When cinema trysts with theatre

Published - August 23, 2019 09:46 pm IST

Experiencing live performance on film might seem like a misnomer, whether it’s a play or choreographed dance or a musical gig, but one need look no further than Pedro Almodóvar’s Talk to Her (2002) to discover stirring set-pieces that appear to wonderfully preserve real-time ephemeral energies. Whether it’s the ‘almost live’ bullfighting sequence in which the matador Lydia González (Rosario Flores) is gored by a bull; or the party scene where Brazilian singer Caetano Veloso (as himself) croons a heart-breaking ode to lovesickness, ‘Cucurrucucú Paloma’, to a transfixed audience; or the long unedited excerpt from Pina Bausch’s Café Müller (featuring Bausch herself) that the film opens with. When the character of Marco (Darío Grandinetti) tears up while watching the performance, we unhesitatingly buy into the moment because Almodóvar has chosen an interlude that very effectively signals, even to those who’ve never watched the performance in the flesh, the raw visceral power of the complete work.

Shifting worlds

Arguably, any sequence from the masterpiece might have convinced us similarly, because Almodóvar does not tamper with its gravitas and native rhythm in any way. This is also the case with scenes from Tennessee Williams’A Streetcar Named Desire in Almodóvar’s other classic, All About My Mother (1999), in which the smoky diva Huma Rojo (Marisa Paredes) in devastating Bette Davis mode, gives us a deeply affecting account of Blanche DuBois’ splintered anand unsound psyche, through only scattered fragments of performance, that place in grand communion the actors, the stage and the audience.
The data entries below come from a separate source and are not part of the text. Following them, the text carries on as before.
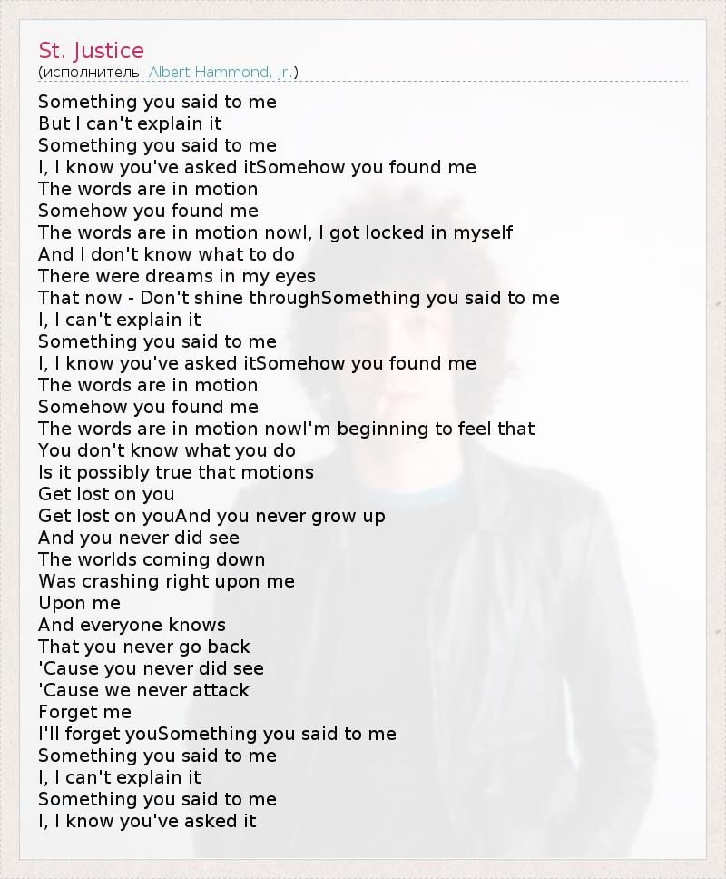 Something you said to me But I can't explain it Something you said to me I, I know you've asked itSomehow you found me The words are in motion Somehow you found me The words are in motion nowI, I got locked in myself And I don't know what to do There were dreams in my eyes That now - Don't shine throughSomething you said to me I, I can't explain it Something you said to me I, I know you've asked itSomehow you found me The words are in motion Somehow you found me The words are in motion nowI'm beginning to feel that You don't know what you do Is it possibly true that motions Get lost on you Get lost on youAnd you never grow up And you never did see The worlds coming down Was crashing right upon me Upon me And everyone knows That you never go back 'Cause you never did see 'Cause we never attack Forget me I'll forget youSomething you said to me Something you said to me I, I can't explain it Something you said to me I, I know you've asked it
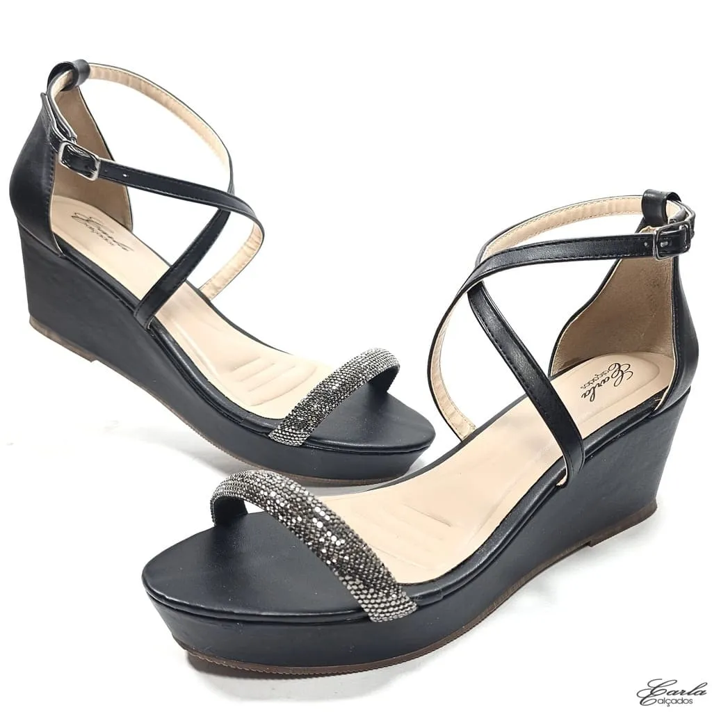 Plataforma Preta Cruzada Strass Tamanho Especial – Sofisticação em Cada Passo, do 41 ao 43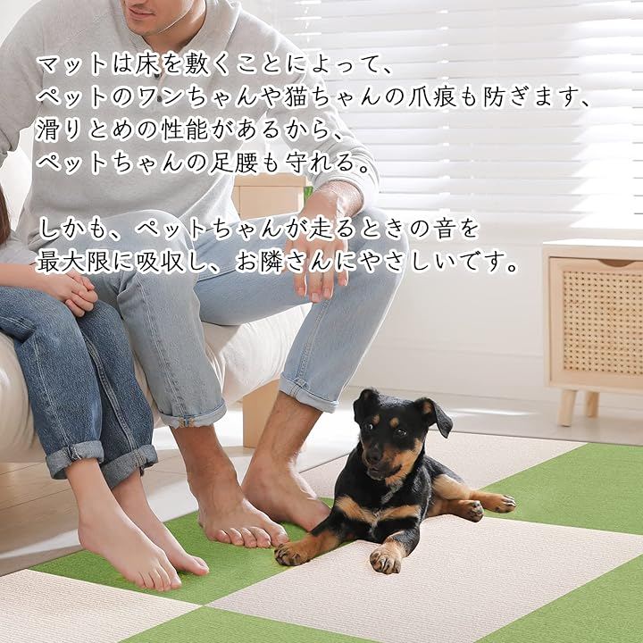 3、「床とたたみを守る、防音性も期待できる」マットは床を敷くことによって、ペットのワンちゃんや猫ちゃんの爪痕も防ぎます、滑りとめの性能があるから、ペットちゃんの足腰も守れる。
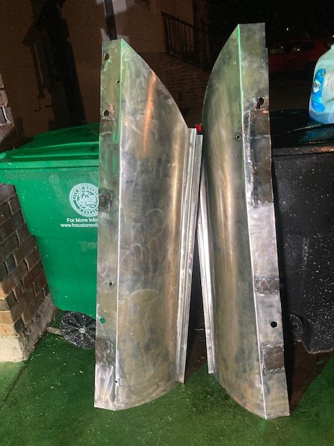 More progress. The skirts are welded, ground, stripped with Citri-strip then phosphoric acided and ready to paint. My amateur weld job should not show with the body on. The wire brush wheel on the grinder is very effective but flings steel hairs at me. Stripped paint goes everywhere too. I had to wash the other cars and garage door afterwards so that thrown bits of stripped paint don't strip the other cars and garage door. Some of them penetrate the skin on my legs like some weird acupuncture that I discover attached to me later and have to pull out.
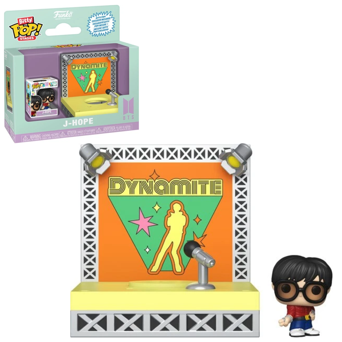 Remova o Bitty POP! J-HOPE da caixa de acrílico para posicioná-lo no Palco Bitty POP! “Dynamite” e reviver o icônico momento do grupo diretamente na sua estante!

Shifting from the world of Almodóvar to that of Imtiaz Ali’s Tamasha (2015), an ode to a storyteller’s actualisation, one is immediately confronted with the challenges of representing live performance as a cinematic idea (even if, for the purposes of the narrative, it might be entirely metaphorical). In the film, Ved Sahni (Ranbir Kapoor) is a born raconteur who discovers his métier only after a soul-crushing stint in corporatedom. In sequences where he discovers audiences who respond to his work, quick edits, soulful close-ups and a swirling score attempt to convince us of his hypnotic effect Ved has on bystanders.

Meta elements

However, the snatches of writing allowed an airing seem too pat to be truly masterful, and even if the overriding cinematic style is that of emotional manipulation, it is difficult to truly suspend disbelief and buy into this blatantly signalled journey. In those set-pieces where Ved’s Chicken Soup-style parables are now mounted as Broadwayesque spectaculars, the on-stage shenanigans, despite glitzy production values, seem amateurish and over-simplified in the metaphors they employ. Ved’s prodigious talent, which we are reminded of almost incessantly, are certainly not showcased well at all, even if one were convinced that he is a master of a popular idiom and his words play out to indiscriminating folk. It calls to mind Mera Naam Joker (1970), where Raj Kapoor’s clown lives out self-fulfilling prophecies by lathering on the pathos to such an extent, that his circus acts are rendered patently unfunny.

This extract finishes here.